We hope InternVL-U serves as a strong baseline and accelerates progress toward comprehensive, AGI-oriented omni-capable UMMs.

⚡Quick Start

Before getting started, make sure you have installed all required dependencies.

pip install -r requirements.txt

Model checkpoint is available on Hugging Face.

Inference Demo

We provide the following demos to showcase InternVL-U’s unified pipeline for multimodal understanding, image generation, and image editing, with optional reasoning-guided (text+image) outputs.

Generate Text - Click to expand

import torch
from PIL import Image
from internvlu import InternVLUPipeline

prompt = "What is the amino acid shown in the picture?"
image = Image.open("assets/amino_acid.png").convert("RGB")

pipeline = InternVLUPipeline.from_pretrained(
    "/path/to/internvl-u-checkpoint",
    torch_dtype=torch.bfloat16,
)

pipeline.to("cuda")

tokenizer = pipeline.processor.tokenizer

with torch.no_grad():
    output = pipeline(
        prompt=prompt,
        image=image,
        max_new_tokens=1024,
        generation_mode="text",
    ).generate_output[0]

print(tokenizer.decode(output, skip_special_tokens=True))

Generate Image - Click to expand

import torch
from internvlu import InternVLUPipeline

prompt = """In the deep indigo night sky, a grand fireworks festival is at its peak, with countless dazzling Mars arranged precisely, condensed into the huge and dazzling "InternVL-U" words. The letters are composed of highly saturated electric blue and dreamy purple fluorescent particles, presenting a futuristic streamlined font surrounded by scattered golden fragments resembling stardust, and the final "U" gives off a fluid metallic texture. Below is a brightly lit modern city, with the shimmering sea perfectly reflecting this stunning scene. Amidst the swirling smoke, it showcases the ultimate visual allure of technology and romance intertwined."""

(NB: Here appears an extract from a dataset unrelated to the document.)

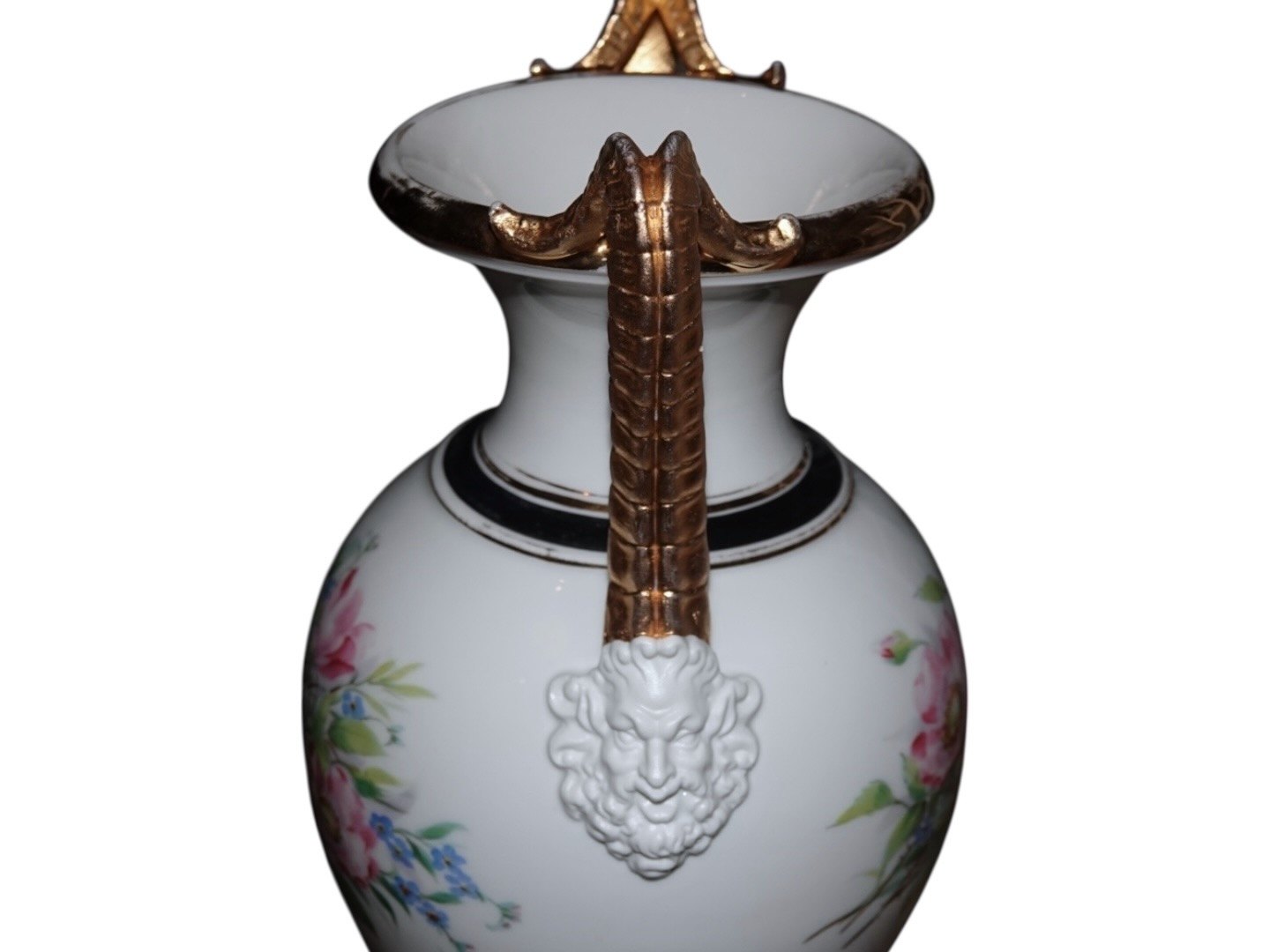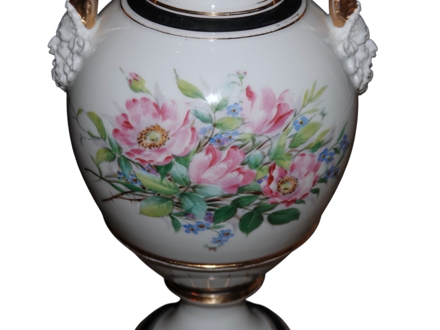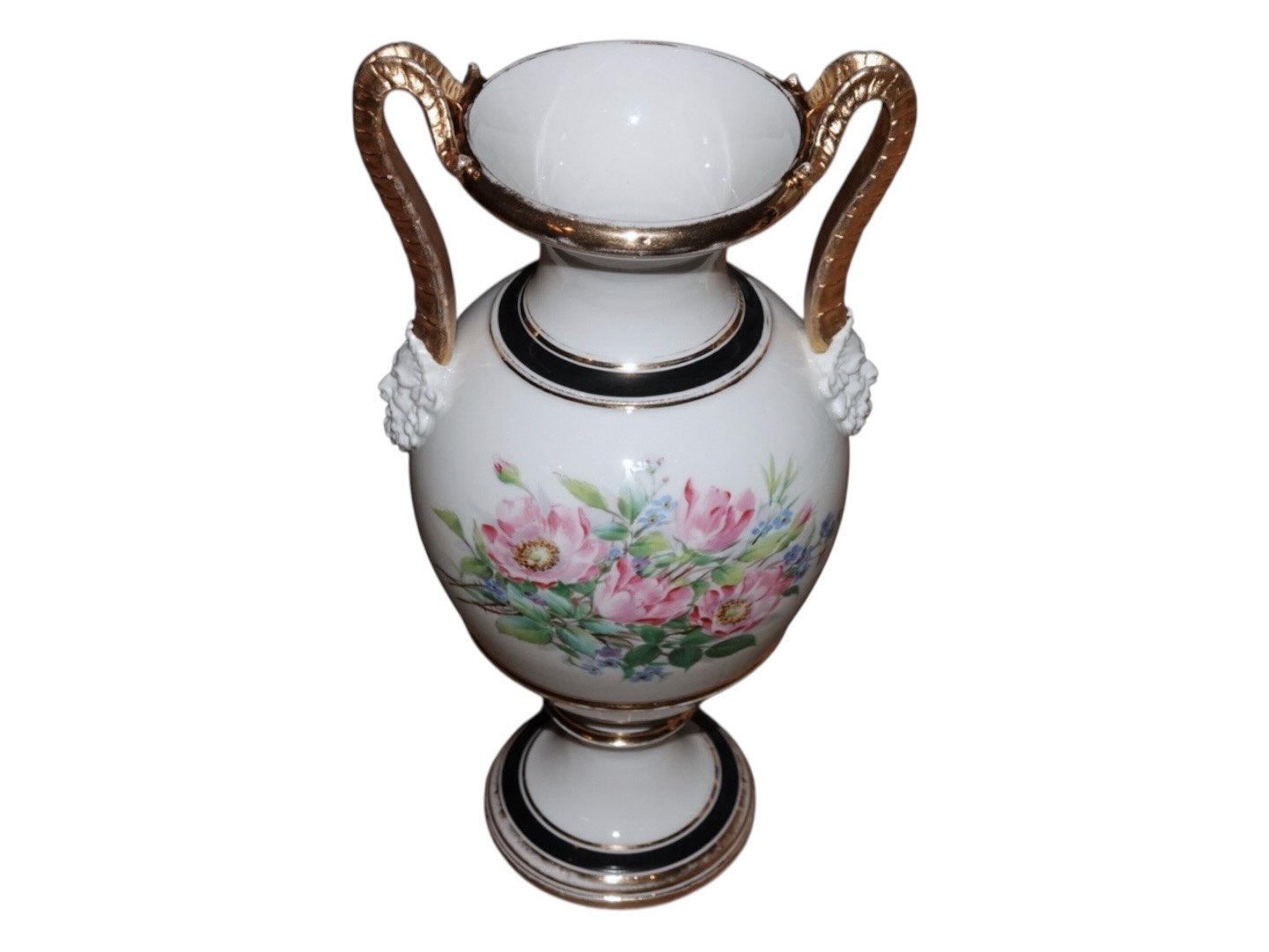 Høj antik vase med lyserøde Vilde Roser fra 1853-1895
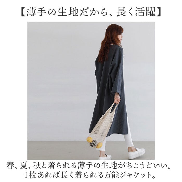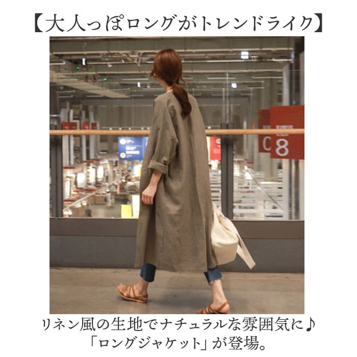 | 商品説明 | 【大人っぽロングがトレンドライク】リネン風の生地でナチュラルな雰囲気に♪「ロングジャケット」が登場。【季節の変わり目にぴったり☆】ライトな着心地で、肌寒くなってきた季節に大活躍!デイリー使いできるカジュアルアウター。【ラフすぎないロングシルエット】気軽に羽織れるのに、ちょっときれいに仕上げてくれる大人っぽいロング丈。【ノーカラーで旬さUP☆】シンプルさを極めた、ノーカラーが今の気分♪着るだけでトレンドライクに決まるのがポイント。【おしゃれに体型カバーが叶う!】身体のラインを拾いにくいから、体型カバー効果も◎スカートもパンツにもマッチする。【嬉しいポケットつき仕様】両サイドにポケットを配置。お出かけ中にスマホなどの小物を入れられるから、便利で快適!【薄手の生地だから、長く活躍】春、夏、秋と着られる薄手の生地がちょうどいい。1枚あれば長く着られる万能ジャケット。 |

pipeline = InternVLUPipeline.from_pretrained(
    "/path/to/internvl-u-checkpoint",
    torch_dtype=torch.bfloat16,
)

pipeline.to("cuda")

with torch.no_grad():
    image = pipeline(
        prompt=prompt,
        generation_mode="image",
        height=576,
        width=1024,
        generator=torch.Generator(device="cuda").manual_seed(42)
    ).images[0]

image.save(f"example_t2i.png")

Generate Image with Reasoning-guided - Click to expand

import torch
from internvlu import InternVLUPipeline

prompt = """生成一张展现希望正在生长、充满力量感的画面。"""

pipeline = InternVLUPipeline.from_pretrained(
    "/path/to/internvl-u-checkpoint",
    torch_dtype=torch.bfloat16,
)

pipeline.to("cuda")

tokenizer = pipeline.processor.tokenizer

with torch.no_grad():
    output = pipeline(
        prompt=prompt,
        generation_mode="text_image",
        generator=torch.Generator(device="cuda").manual_seed(42)
    )
    output_text = output.generate_output[0]
    image = output.images[0]

print(tokenizer.decode(output_text, skip_special_tokens=True))
image.save(f"example_guided_t2i.png")

Edit Image - Click to expand

import torch
from PIL import Image
from internvlu import InternVLUPipeline

prompt = """将书生置身于一个充满春节氛围的温暖室内空间中，房间内张灯结彩，窗外远处有灯笼，窗边装饰着精致的剪纸，红金配色的彩带在室内轻轻垂落。背景为柔和温暖的橙黄色灯光和柔软的沙发，营造出温馨而治愈的春节夜晚氛围。书生双手捧着一个红包，红包上有金色的边框，脸上洋溢着抑制不住的开心笑容，浓眉大眼闪闪发亮，流露出惊喜与幸福的神情。他身体微微前倾，肩膀自然放松，仿佛忍不住想要展示这份喜悦。整个场景充满温馨、喜庆与治愈感，在柔和的暮色与节日装饰映衬下，展现出春节特有的欢乐与人情味。"""
input_image = Image.open("assets/intern.png").convert("RGB")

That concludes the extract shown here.